However, you may need to adjust JVM heap size depending on your RAM size. It is usually recommended to let Elasticsearch to handle this anyway. Elasticsearch by default automatically sets the JVM heap size based on a node’s roles and total memory, which is recommend for most production environments.
In my demo server, i have 3GB of RAM and this is the current default JVM settings (you can only run the command below when Elasticsearch is up and running);
curl -k -XGET "https://localhost:9200/_cat/nodes?h=heap*&v" -u elastic --cacert /etc/elasticsearch/certs/http_ca.crt
Sample settings;
heap.current heap.percent heap.max
505.2mb 33 1.4gb
so it is set to almost half my RAM. And so I updated JVM settings as follows;
echo -e "-Xms512M\n-Xmx512M" > /etc/elasticsearch/jvm.options.d/jvm.options
Also, configure Elasticsearch to listen on all interfaces. It is usually bound to loopback address by default;
sudo vim /etc/elasticsearch/elasticsearch.yml
The setting to bind it to all interfaces is. Otherwise specify specific IP instead of 0.0.0.0.
network.host: 0.0.0.0
That is just it. Save and exit the config file.
Start and enable Elasticsearch to run on boot;
sudo systemctl daemon-reload
sudo systemctl enable --now elasticsearch.service
Confirm if all good;
curl -k -XGET https://localhost:9200 -u elastic --cacert /etc/elasticsearch/certs/http_ca.crt
Note the credentials used here are for the elastic user created during Elasticsearch install and is available on the installation output;
Output;
Enter host password for user 'elastic': { "name" : "noble-numbat", "cluster_name" : "elasticsearch", "cluster_uuid" : "ZwrFEO84SXKZsjrlsFQkVQ", "version" : { "number" : "8.12.2", "build_flavor" : "default", "build_type" : "deb", "build_hash" : "48a287ab9497e852de30327444b0809e55d46466", "build_date" : "2024-02-19T10:04:32.774273190Z", "build_snapshot" : false, "lucene_version" : "9.9.2", "minimum_wire_compatibility_version" : "7.17.0", "minimum_index_compatibility_version" : "7.0.0" }, "tagline" : "You Know, for Search" }
You can also check the status;
systemctl status elasticsearch
You can check Elasticsearch service logs as follows;
sudo journalctl -u elasticsearch -f
Install Kibana 8 on Ubuntu 24.04/22.04/20.04
Next, install Kibana;
sudo apt install kibana
Sample install output;
Reading package lists... Done Building dependency tree... Done Reading state information... Done The following NEW packages will be installed: kibana 0 upgraded, 1 newly installed, 0 to remove and 96 not upgraded.
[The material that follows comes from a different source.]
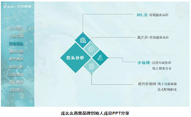 戎么么燕窩品牌通過與燕窩巨頭進行多維度分析,找到了自身的新興價值網(wǎng),并運用“顛覆式創(chuàng)新”,通過社群裂變,線下體驗進行引流,不僅打開了即食燕窩和花式燕窩甜品的新市場,同時包月配送的新形勢,也滿足了大眾需求,從而開辟出了一條差異化錯位競爭的創(chuàng)業(yè)之路。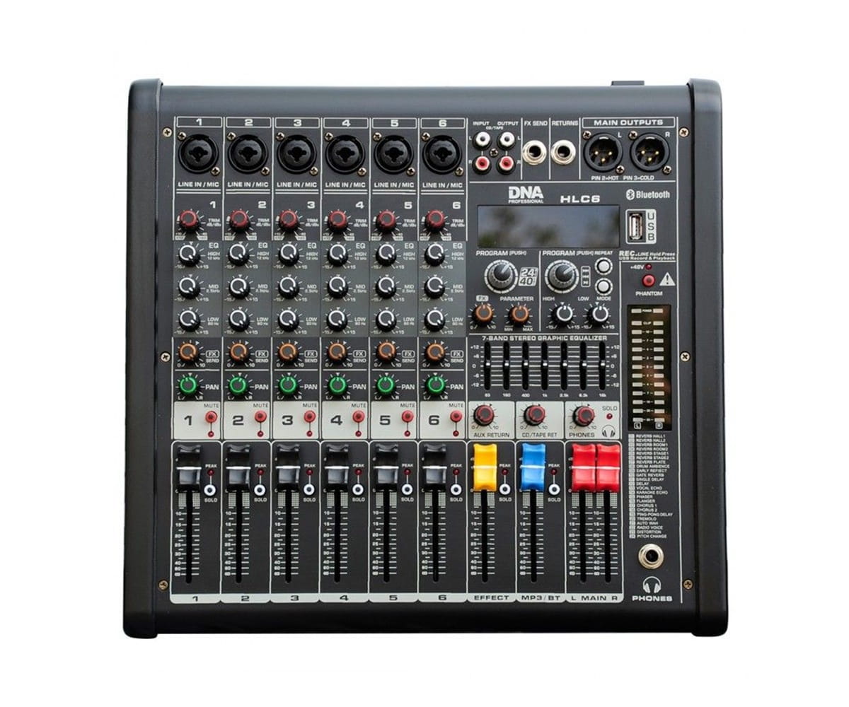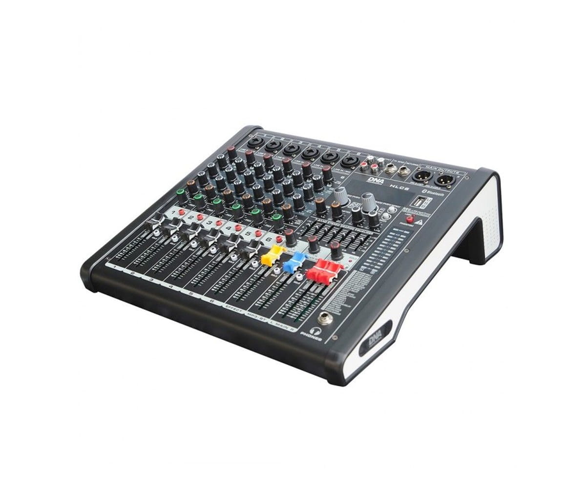 DNA HLC 6 to analogowy mikser audio, wyposażony w sześć kanałów wejściowych, wysokiej klasy przedwzmacniacze, port USB z funkcją MP3 oraz standard bezprzewodowej komunikacji Bluetooth. Sprzęt doskonale sprawdza się jako mikser sceniczny podczas niewielkich koncertów i występów estradowych, na salach prób, a także w domowym studio nagrań.

Need to get 318 MB of archives. After this operation, 929 MB of additional disk space will be used. Get:1 https://artifacts.elastic.co/packages/8.x/apt stable/main amd64 kibana amd64 8.12.2 [318 MB] Fetched 318 MB in 6s (51.1 MB/s) Selecting previously unselected package kibana. (Reading database ... 112616 files and directories currently installed.) Preparing to unpack .../kibana_8.12.2_amd64.deb ... Unpacking kibana (8.12.2) ... Setting up kibana (8.12.2) ... Creating kibana group... OK Creating kibana user... OK Kibana is currently running with legacy OpenSSL providers enabled! For details and instructions on how to disable see https://www.elastic.co/guide/en/kibana/8.12/production.html#openssl-legacy-provider Created Kibana keystore in /etc/kibana/kibana.keystore Scanning processes... Scanning linux images... Running kernel seems to be up-to-date. No services need to be restarted. No containers need to be restarted. No user sessions are running outdated binaries. No VM guests are running outdated hypervisor (qemu) binaries on this host.
Configure Kibana
The default settings with a single-node cluster is enough to get you up and running.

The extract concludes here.